### YOUR INSTRUCTIONS
Would you reproduce every record exactly, leaving out the pictures?

[[ RECORDED DATA open ]]

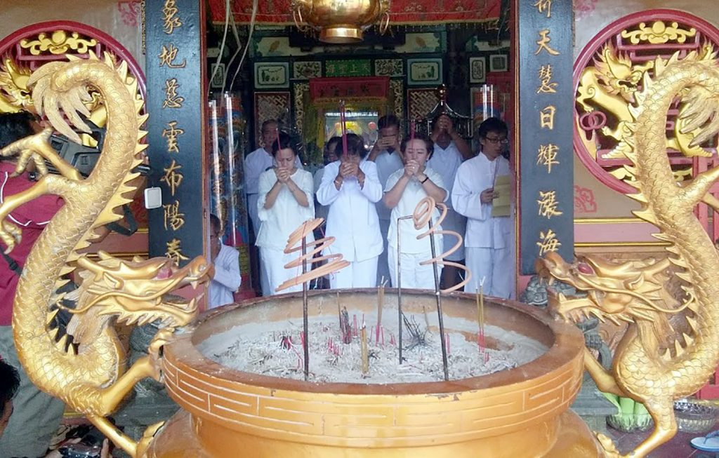 Umat Tri Dharma melakukan upacara Po Poe, atau upacara meminta restu Yang Suci Thian Siang Seng Bo, di klenteng Tulus Harapan Kita, jumat (8/2/2019). Foto: Lukman Polimengo.
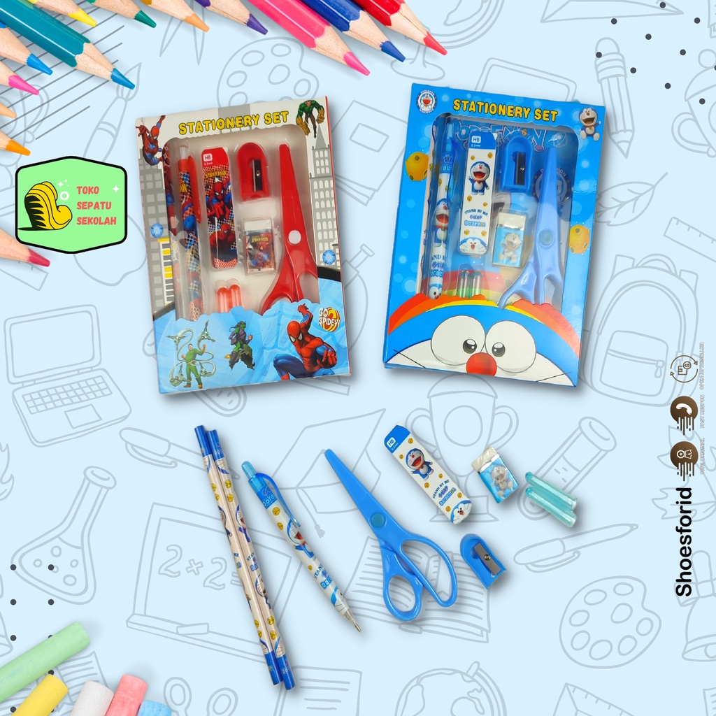Stationery set / Paket Alat tulis / Alat tulis set karakter SP2018 9in1 : 1. 2 pensil 2. 1 penggaris 3. 1 penghapus 4. 1 rautan 5. 2 tutupan pensil 6. 1 pensil mekanik 7. 1 isi pensil 8. 1 gunting ASLI BISA DIPAKAI TAPI BUKAN STAINLESS
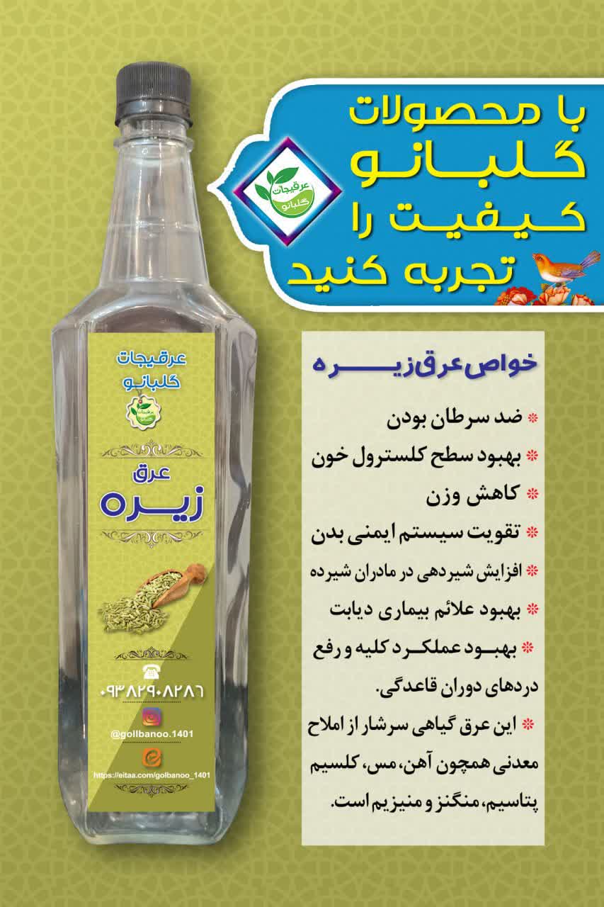 عرق زیره درجه یک قمصر کاشان گلبانو ـ یک لیتر
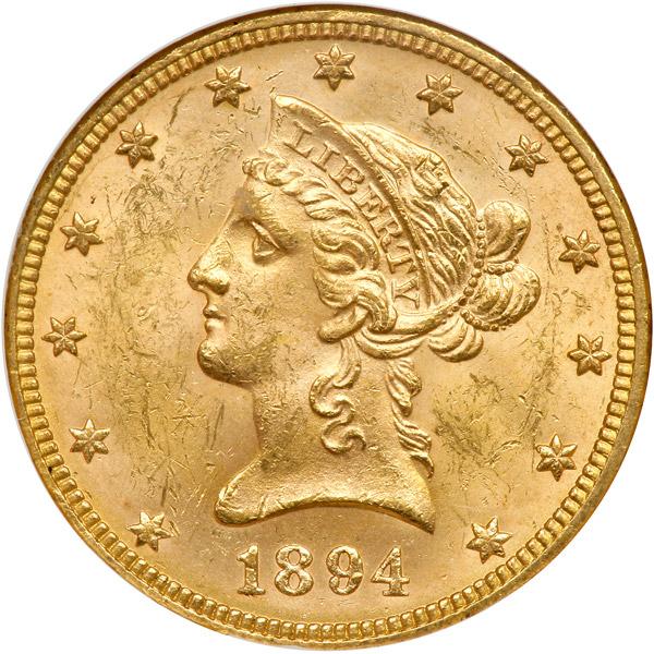 1894 $10 Liberty. NGC graded MS-63. Untoned. Has a normal allottment of bagmarks (PCGS # 8729) .
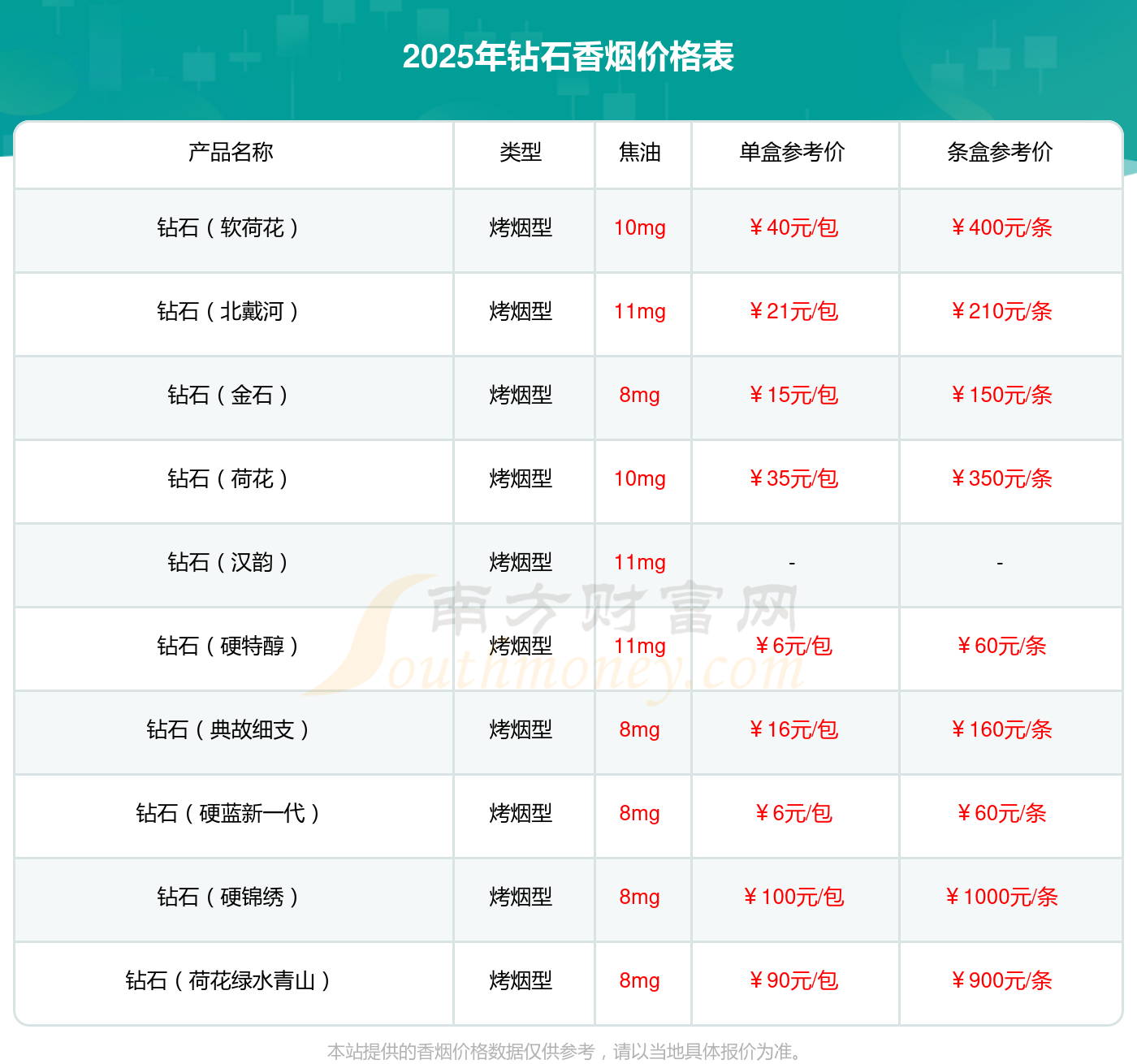 以上香烟价格相关数据仅供参考,温馨提示,吸烟有害健康。
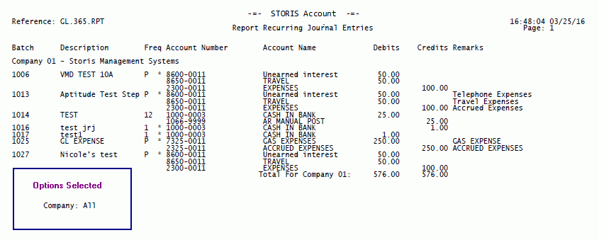 The Options Selected box below contains the selected run-time options for this sample, but does not appear in the actual report. The run-time options you select for each report appear on the last page of the report output. A grand total displays at the end of the report.

[[ RECORDED DATA closed ]]

### RESULT OF THIS TASK
 Umat Tri Dharma melakukan upacara Po Poe, atau upacara meminta restu Yang Suci Thian Siang Seng Bo, di klenteng Tulus Harapan Kita, jumat (8/2/2019). Foto: Lukman Polimengo.
Stationery set / Paket Alat tulis / Alat tulis set karakter SP2018 9in1 : 1. 2 pensil 2. 1 penggaris 3. 1 penghapus 4. 1 rautan 5. 2 tutupan pensil 6. 1 pensil mekanik 7. 1 isi pensil 8. 1 gunting ASLI BISA DIPAKAI TAPI BUKAN STAINLESS
 عرق زیره درجه یک قمصر کاشان گلبانو ـ یک لیتر
 1894 $10 Liberty. NGC graded MS-63. Untoned. Has a normal allottment of bagmarks (PCGS # 8729) .
 以上香烟价格相关数据仅供参考,温馨提示,吸烟有害健康。
 The Options Selected box below contains the selected run-time options for this sample, but does not appear in the actual report. The run-time options you select for each report appear on the last page of the report output. A grand total displays at the end of the report.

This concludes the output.